Oh wow, this is great. Many thanks! I intend to use it :) I see you already have most of my requests listed, so I'll just leave it at that and say "awesome work".
It allows you to share your code with other people who share their code, but not people who don't. Afterall, why would you want to share your work with someone who doesn't share theirs?
curious where to submit bug reports? for the heck of it I put in a long ffmpeg command; it detected the "-i" argument twice and the lines look a bit crazy.
here's the line to reproduce the error:
ffmpeg -i infile -s 640x480 -vcodec h264 -r 30 -b 450k -profile:v baseline -tune film -bufsize 2000k -maxrate 550k -an -t 16.0 -passlogfile infile.mp4.passlog -pass 1 -y outfile.mp4
I find man pages a chore to read, and that has definitely held back my skills, so if this actually works—i.e., you can type in any command and get a readable layout of what it does—I can definitely see using it.
Edit: It might be tricky to make this robust enough across all valid commands. I tried a few variations and they didn't seem to work as well. Beware the cherry-picked example.
Also, everyone asking for pipe support is dead on. It's how most commands actually get used, so it's really needed. Plus it would take this tool to a whole new level of coolness.

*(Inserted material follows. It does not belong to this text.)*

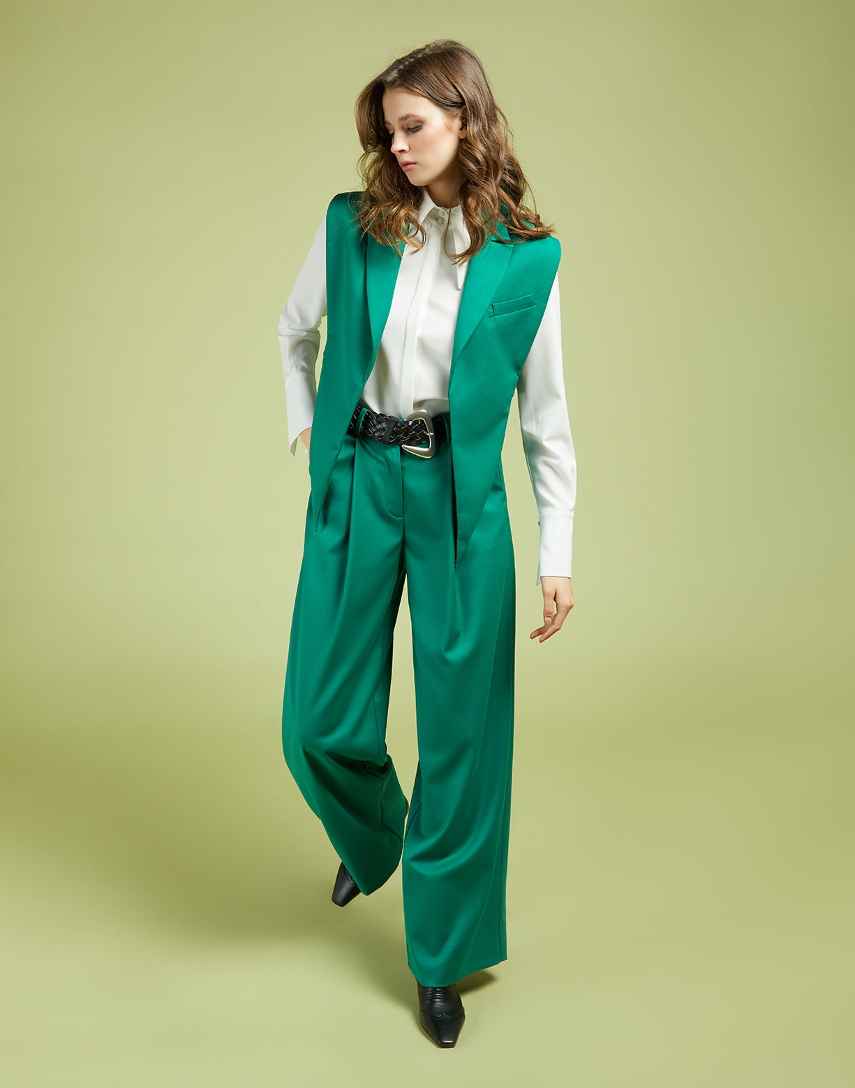 Pantalon en tissu semi-satiné. Se porte avec un gilet à pointes.

Edit 2: Who made this? I think if you wanted, you could turn it into a new kind of learning environment for the shell. It already is that, in embryo, but there are a thousand directions it could go. The trouble with learning the command line is the overwhelming mass of information with no way of navigating it or distinguishing what's important from arcane detail. What's badly needed is a simple organizing principle that feels good to work with and lets you learn what you care about right now (and hides the rest). You've got that here.
An it-just-works interactive tool is a really promising way to go. There are countless tutorial articles and books, but they're one-size-fits-all, and once they get too complicated they suffer from the same problems that man pages do. A tool that can actually be used to play with and learn interactively would be a real contribution. But it might be a lot of work to turn this into that. I doubt that the corpus of "all standard Unix commands plus all their options" can be sucked up and re-presented by any generic script; the variations are too unpredictable. There would probably have to be a lot of attention put into important special cases, and a lot of careful design to get it to it-just-worksness. And that is a must-have for beginners.